先生が目を丸くしてるのなんて初めて見たよ。
「ふふっ。咲夜君、相当好かれてるようだね」
「ええ、むしろ懐かれすぎてる気もしますけどね」
笑みを深める伽奈先生は、ふと思い出したように手をぽんっと叩いた。
「あそうだ、今日はたまたまタイミングの良いことに演劇部の活動日でな。ちょうど彼女も居るぞ?」
「んなっ──────────」
なんだとぉ!?
何でよりにもよって今日が活動日なんですかね。
「ふっ、そんなの当然さ。何せ今日バスケ部の試合があるのは事前に知っていたからね。
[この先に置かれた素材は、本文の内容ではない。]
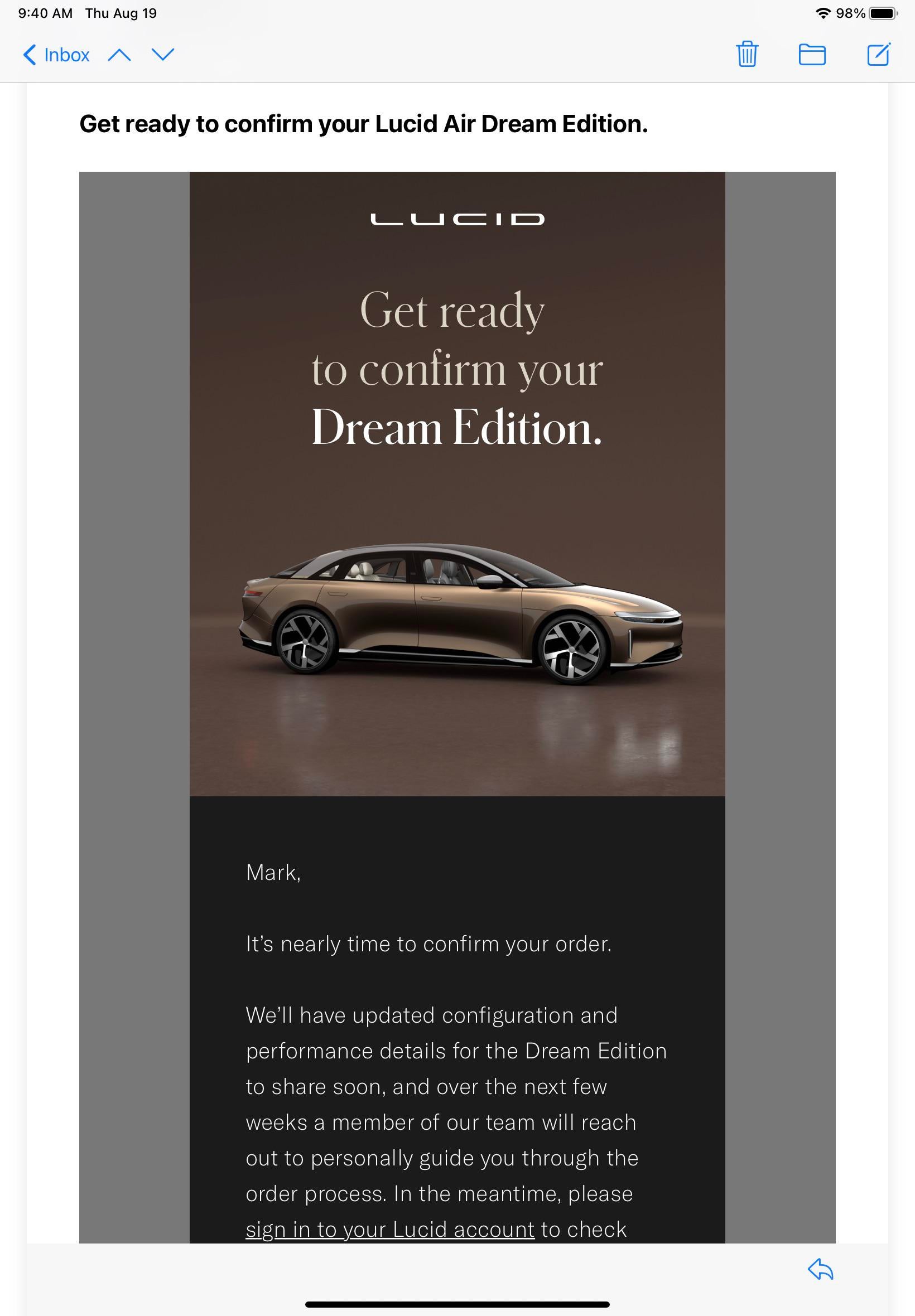 Isso nos leva ao cerne da questão. Agora, dois desenvolvimentos principais sugerem que este desenvolvimento seminal pode finalmente estar próximo. De acordo com várias postagens no Reddit , o Lucid Group agora está enviando e-mails para clientes que reservaram o Lucid Air Dream Edition para confirmar suas reservas:

妹さんの参加する試合なら必ず来ると踏んでいたよ」
「くっそこの人謀りやがったな!」
「・・・・・・・・・・パパ?」
「・・・・・・・・・・にぃ?」
「・・・・・・・・・・さくにぃ?」
「・・・・・・・・・・咲夜君?」
「・・・・・・・・・・サクヤ君?」
「アッハイ」
全員からの刺すような視線が降り注がれる。
悪いことは何もしていないはずなのに、嫌な汗が全身から滲み出てくる。
「咲夜君は彼女にとても懐かれていただろう?良かれと思ってのことさ」
うん、完全に火に油を注いだね!
おいこら何ニヤニヤしてんだ、この空気どうしてくれんの!?
「あっ、せんぱぁい!」
「げっ!?」
最悪だ。
最悪のタイミングで最悪のやつが来た。
早く逃げなきゃ────────────。
「もう遅いですよぉ!咲夜くん先輩っ!」
「ぐえっ!?」
「んみゅ!?」
「わっ・・・・・」
「ぬぅ!?」
俺のそばにいたスゥとクロとアイラを押しのけて、小柄な制服姿の女子生徒が抱きついてきた。
あまりの勢いに支えきれず押し倒されてしまう。
「咲夜くん先輩、可愛い可愛い後輩がお迎えに来ましたよ〜!」
そう言うと、俺の後輩は嬉しそうにほお擦りするのだった。